Because no extrinsic evidence was presented to rebut the presumption, the court ordered that the purchase price be determined by appraising the property as encumbered by the remaining five-year renewal period. Thus the district court declared that the purchase option price was $2,200,000.
Discussion
When a trial court interprets a contract by looking solely to the written terms, this court may apply a plenary review of the contract. Great American Airways v. Airport Authority, 103 Nev. 427, 429, 743 P.2d 628, 629 (1987).
The district court found that the purchase option is ambiguous because the phrase "free and clear of all liens and encumbrances" is capable of two interpretations. It could mean that the purchase price is to be based on a fee simple estate, without considering the leasehold encumbrance. Alternatively, the phrase could mean that the lessor has an obligation to convey the property to the lessee free and clear of all encumbrances other than the leasehold. In other words, if the lessor had created any encumbrances other than the leasehold, such as mortgages, the lessor had to clear those encumbrances prior to conveying the property to the lessee.
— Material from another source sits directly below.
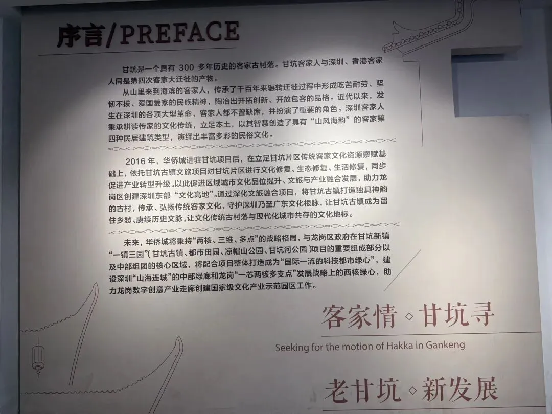 元月2日这天,我们自池州九华山机场乘机抵达深圳宝安机场,出港后转乘地铁到龙岗,入住平湖广弘中心全季酒店。一千多公里路程,耗时虽久,顺水顺风。点个外卖吃饱吃好,睡到天黑起床,开启我们此行的主责主业——帮闺女租房。安居才能乐业嘛。自2日晚一直到4日上午,我们不停地在公司周边2.5公里范围内的小区找房看房选房。闺女的要求标准不低啊,要三同时:离公司近、离地铁口近、离商业中心近,说什么公司内部的公寓连外卖都不给送进去,这还不憋死人哪!天可怜见,还终于让我们找着了。当事双方签好租房协议后,屋子的卫生、家用电器的清洁及日常生活用品的添置就是我们老俩口的事了。4日下午和5日上午,我们把屋子家什细细打扫清理,把带来的三个行李箱用品好好收捡摆放,终归是有模有样了。5日黄昏,闺女入职下班回来左看右看挺满意,当晚安心入住。我们把日用品收捡的位置一一告知,把日常生活注意事项啰里啰嗦叮嘱再叮嘱,然后回酒店休息。其实也是多虑,这些年来闺女不都是一个人在外求学上班嘛!旧职虽说辞就辞,但新职能及时跟上。丫头,你命很好,一辈子很旺!希望你懂得珍惜,学会坚守。你要像护着一盏烛火般守着你的好运,毕竟这世上的风,从来专吹得意人。出门在外,住酒店吃小馆,依然早睡早起,得空就遛弯。2日至5日期间,忙完租房正事之余,或早或晚,一个人出门沿酒店周边走走看看。深圳的冬季气温多在15-20°左右,比江南的阴冷湿寒适宜多了,来时穿的羊毛衫早就脱了,连穿着秋衣秋裤遛弯都有点燥热。打开地图,酒店、租房、公司这片地儿均隶属于龙岗区平湖街道。沿途高楼大厦与老破小并存,工业区与居民区比邻,商业圈与城中村交错,霓虹灯与摊点照明交相辉映。无论早晚,熙熙攘攘车流滚滚,挺有人气。世事变幻,但愿一直这么发展前行,莫偏离轨道。网上有介绍说,龙岗区平湖街道位于深圳市中北部,地处深圳、东莞两市与龙岗、龙华两区交界,东与横岗街道相连,南与南湾、吉华街道相交,西与龙华区接壤,北与东莞市凤岗镇毗邻,辖区面积41平方千米,下辖12个社区,常住人口40万人。平湖还是龙岗区广府文化最集中的区域。辖区有4条高速路、5个出入口,与深圳机场、盐田港和市中心快速接驳。地铁10号线在平湖设有5个站点。清晨。平湖站。广深、平盐、平南多条铁路的交汇点,11分钟到罗湖、1小时到广州。平湖枢纽站将建成集铁路、轻轨和地铁于一体的综合交通枢纽。顺平商业中心。岁月静好,烟火人间。祝愿顺顺利利、平平安安。5日下午,酒店午睡饱,我们俩一起到园区周边闲逛一圈。5日晚在顺平商业中心吃盘广式烧鹅,喝瓶劲酒,然后回酒店休息。娃她娘说,丫头上班了,我们也该回家了,难不成一天都不玩就滚蛋?也是,这么远的路,来都来了,总归要逛逛玩玩。6日一大早,我们在酒店用完早餐就退了连住四天四夜的酒店房间,背起双肩包去深圳几个网红景点打卡。沿着地铁10号线往罗湖口岸方向行进。我们第一站逛的是龙岗区吉华街道内的甘坑古镇。古镇起源于明清时期,是深圳十大客家古村落之一,被誉为"深圳都市人的心灵栖居地"。免门票,全年全天开放。甘坑古镇是荟萃深圳本土客家民居、客家民俗、客家建筑、客家民间艺术、客家传统美食、客家田园风光为一体的文化旅游景区,占地18万平方米。甘坑原名赤竹镇,曾为瑶族人聚居地,350多年前,客家人来此定居并繁衍生息。深圳本地客家语中,“坑”是指小溪流、小水沟,客家人常把坑和沥连用,有“坑坑沥沥”一词,甘坑泉眼遍布,溪水甘甜,故称为甘坑。甘坑古镇古建众多,房连巷通,有历经120余年沧桑的南香楼;有建于雍正年间的状元府;有徽派风情建筑群凤凰谷;还有炮楼、碉楼、吊脚楼等建筑融于山水之中,与百年的客家排屋形成了独特的客家文化载体。甘坑古镇是了解深圳原住民文化的一个重要窗口。甘坑古镇是客家文化特色小镇、全国革命老区、深圳特色文化街区。2017年7月,甘坑古镇入选首批国家级文旅特色小镇,获“2017中国文化旅游融合先导区(基地)试点”。2018年,甘坑古镇获评“广东省文化旅游融合发展示范区”。2019年12月,甘坑古镇入选中国最受关注特色小镇20强。2022年,甘坑古镇入选首批广东省夜间文化和旅游消费集聚区。2022年12月,甘坑古镇获评国家3A级旅游景区。甘坑村起源于明清时期,是第四次客家大迁徙的产物。350多年前,甘坑村的始祖、广东梅州客家人谢文明、卓美发来到甘坑,因此地景色宜人,遂定居于此,在此繁衍生息,因此留下了众多的民居、古建,包括众多的炮楼、碉楼、骑楼、吊脚楼等。早在改革开放前,深圳本地村民以客家人为主,客家围村遍布深圳各个角落,但随着深圳经济的高速发展,很多客家原住民的围村早已经变成高楼大厦,或者已经遭到人为破坏,只留下少数一些村落还保持着历史原貌,甘坑古村便是其中之一。甘坑古镇在保留历史原貌基础上的再打造,让深圳的客家文化真实再现,让深圳人的根魂稳扎在地。2012年,为了留住深圳客家文化,留住深圳人的根,甘坑古镇聘由北京大学中国城市设计研究中心负责整体规划设计,北京大学陈可石教授任总设计师,在原来古村落的基础上,利用老村房屋和周边山地、河道、菜地和空闲地,对甘坑老村旧民居、旧工业厂房进行更新改造。自2013年至2015年,甘坑老村改造项目连续3年是
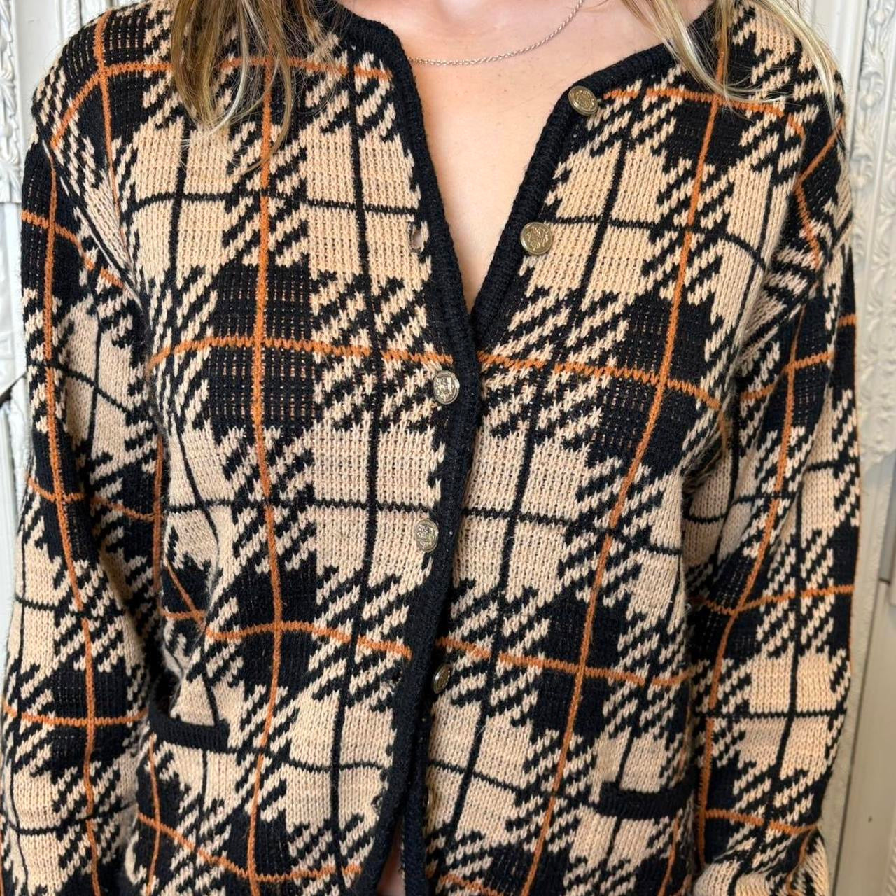 Tally Ho multicolored plaid cardigan with with gold buttons

Finding the purchase option ambiguous, the district court applied a presumption that the leasehold estate did not merge into the fee simple estate upon the exercise of the option to purchase and that, consequently, the property was to be valuated as encumbered.
We conclude that the district court erred in finding that the purchase option is ambiguous. In Lassiter v. Kaufman, 581 So.2d 147 (Fla. 1991), the lessee entered a fifty-year lease with the lessor, and the lessee was given the option to purchase the property at the end of the tenth year. Id. at 147. The Florida Supreme Court concluded that the option to purchase the "fee title" was unambiguous: the lessee had the right to purchase the property as unencumbered by the lease. Id. at 149. Accordingly, the property was valuated as unencumbered. Id.
Likewise, in Palm Pavilion of Clearwater, Inc. v. Thompson, 458 So.2d 893 (Fla.Dist.Ct.App. 1984), the lessee's option to purchase the "above-mentioned real property" if the lessor died prior to termination of the lease was unambiguous. Id. at 893. The court noted that the term "property" was not restricted by qualifying words, such as, "the landlord's interest in the property" or the "fee as burdened by the lease." Id. Hence, the property was valued at the fair market value as unencumbered. Id.
Here, the purchase option is clear and unambiguous. McCandless had the right to purchase the entire fee simple estate free and clear of encumbrances. During the first renewal period, McCandless had the right to either exercise the option to purchase the "within described premises free and clear and all encumbrances" or to renew the lease for another five years; McCandless could not do both. McCandless exercised its right to purchase the property. The property should therefore have been valuated as unencumbered.
Because the option is unambiguous, we conclude that it is unnecessary to address the applicability of the presumption against merger of estate.
Accordingly, we reverse the judgment and remand this matter with directions that the district court enter a judgment wherein the purchase price is valuated as unencumbered.